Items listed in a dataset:
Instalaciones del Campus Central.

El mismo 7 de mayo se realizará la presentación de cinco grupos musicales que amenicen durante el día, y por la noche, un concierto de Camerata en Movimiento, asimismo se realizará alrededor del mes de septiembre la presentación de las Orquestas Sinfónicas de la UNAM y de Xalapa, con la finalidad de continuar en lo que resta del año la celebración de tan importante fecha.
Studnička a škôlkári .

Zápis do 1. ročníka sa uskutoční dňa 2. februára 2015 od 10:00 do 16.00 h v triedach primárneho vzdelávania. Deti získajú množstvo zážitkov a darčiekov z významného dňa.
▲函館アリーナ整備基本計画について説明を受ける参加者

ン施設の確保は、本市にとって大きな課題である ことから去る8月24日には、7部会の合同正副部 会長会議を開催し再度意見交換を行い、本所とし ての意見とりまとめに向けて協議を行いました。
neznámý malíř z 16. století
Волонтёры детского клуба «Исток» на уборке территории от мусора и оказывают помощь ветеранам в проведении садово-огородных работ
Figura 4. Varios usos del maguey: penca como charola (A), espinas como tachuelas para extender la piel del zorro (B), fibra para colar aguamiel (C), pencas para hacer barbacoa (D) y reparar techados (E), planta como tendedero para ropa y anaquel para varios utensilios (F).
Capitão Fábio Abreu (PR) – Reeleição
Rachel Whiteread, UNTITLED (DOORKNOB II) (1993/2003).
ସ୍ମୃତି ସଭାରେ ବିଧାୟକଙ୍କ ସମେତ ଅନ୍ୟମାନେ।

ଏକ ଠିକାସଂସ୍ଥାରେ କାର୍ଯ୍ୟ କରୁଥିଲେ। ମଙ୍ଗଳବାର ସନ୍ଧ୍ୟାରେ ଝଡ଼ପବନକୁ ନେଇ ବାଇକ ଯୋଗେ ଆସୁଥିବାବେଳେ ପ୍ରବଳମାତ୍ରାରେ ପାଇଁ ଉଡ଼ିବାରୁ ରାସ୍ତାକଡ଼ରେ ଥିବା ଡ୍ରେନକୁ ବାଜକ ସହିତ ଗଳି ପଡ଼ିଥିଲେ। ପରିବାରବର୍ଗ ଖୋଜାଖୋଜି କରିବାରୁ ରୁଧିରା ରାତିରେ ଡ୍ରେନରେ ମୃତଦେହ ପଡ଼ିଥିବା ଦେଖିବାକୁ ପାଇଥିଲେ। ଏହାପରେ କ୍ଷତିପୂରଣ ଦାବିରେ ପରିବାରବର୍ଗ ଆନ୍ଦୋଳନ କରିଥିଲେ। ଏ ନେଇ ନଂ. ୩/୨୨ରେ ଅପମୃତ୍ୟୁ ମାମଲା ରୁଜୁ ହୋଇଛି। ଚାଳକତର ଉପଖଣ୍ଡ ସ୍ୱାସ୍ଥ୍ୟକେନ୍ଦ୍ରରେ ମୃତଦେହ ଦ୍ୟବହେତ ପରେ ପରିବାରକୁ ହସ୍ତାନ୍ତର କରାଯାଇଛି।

## [WHAT IS BEING ASKED]
Each record is to be repeated exactly.

## [ANSWER FOR THE TASK]
Instalaciones del Campus Central.

El mismo 7 de mayo se realizará la presentación de cinco grupos musicales que amenicen durante el día, y por la noche, un concierto de Camerata en Movimiento, asimismo se realizará alrededor del mes de septiembre la presentación de las Orquestas Sinfónicas de la UNAM y de Xalapa, con la finalidad de continuar en lo que resta del año la celebración de tan importante fecha.
Studnička a škôlkári .

Zápis do 1. ročníka sa uskutoční dňa 2. februára 2015 od 10:00 do 16.00 h v triedach primárneho vzdelávania. Deti získajú množstvo zážitkov a darčiekov z významného dňa.
▲函館アリーナ整備基本計画について説明を受ける参加者

ン施設の確保は、本市にとって大きな課題である ことから去る8月24日には、7部会の合同正副部 会長会議を開催し再度意見交換を行い、本所とし ての意見とりまとめに向けて協議を行いました。
neznámý malíř z 16. století
Волонтёры детского клуба «Исток» на уборке территории от мусора и оказывают помощь ветеранам в проведении садово-огородных работ
Figura 4. Varios usos del maguey: penca como charola (A), espinas como tachuelas para extender la piel del zorro (B), fibra para colar aguamiel (C), pencas para hacer barbacoa (D) y reparar techados (E), planta como tendedero para ropa y anaquel para varios utensilios (F).
Capitão Fábio Abreu (PR) – Reeleição
Rachel Whiteread, UNTITLED (DOORKNOB II) (1993/2003).
ସ୍ମୃତି ସଭାରେ ବିଧାୟକଙ୍କ ସମେତ ଅନ୍ୟମାନେ।

ଏକ ଠିକାସଂସ୍ଥାରେ କାର୍ଯ୍ୟ କରୁଥିଲେ। ମଙ୍ଗଳବାର ସନ୍ଧ୍ୟାରେ ଝଡ଼ପବନକୁ ନେଇ ବାଇକ ଯୋଗେ ଆସୁଥିବାବେଳେ ପ୍ରବଳମାତ୍ରାରେ ପାଇଁ ଉଡ଼ିବାରୁ ରାସ୍ତାକଡ଼ରେ ଥିବା ଡ୍ରେନକୁ ବାଜକ ସହିତ ଗଳି ପଡ଼ିଥିଲେ। ପରିବାରବର୍ଗ ଖୋଜାଖୋଜି କରିବାରୁ ରୁଧିରା ରାତିରେ ଡ୍ରେନରେ ମୃତଦେହ ପଡ଼ିଥିବା ଦେଖିବାକୁ ପାଇଥିଲେ। ଏହାପରେ କ୍ଷତିପୂରଣ ଦାବିରେ ପରିବାରବର୍ଗ ଆନ୍ଦୋଳନ କରିଥିଲେ। ଏ ନେଇ ନଂ. ୩/୨୨ରେ ଅପମୃତ୍ୟୁ ମାମଲା ରୁଜୁ ହୋଇଛି। ଚାଳକତର ଉପଖଣ୍ଡ ସ୍ୱାସ୍ଥ୍ୟକେନ୍ଦ୍ରରେ ମୃତଦେହ ଦ୍ୟବହେତ ପରେ ପରିବାରକୁ ହସ୍ତାନ୍ତର କରାଯାଇଛି।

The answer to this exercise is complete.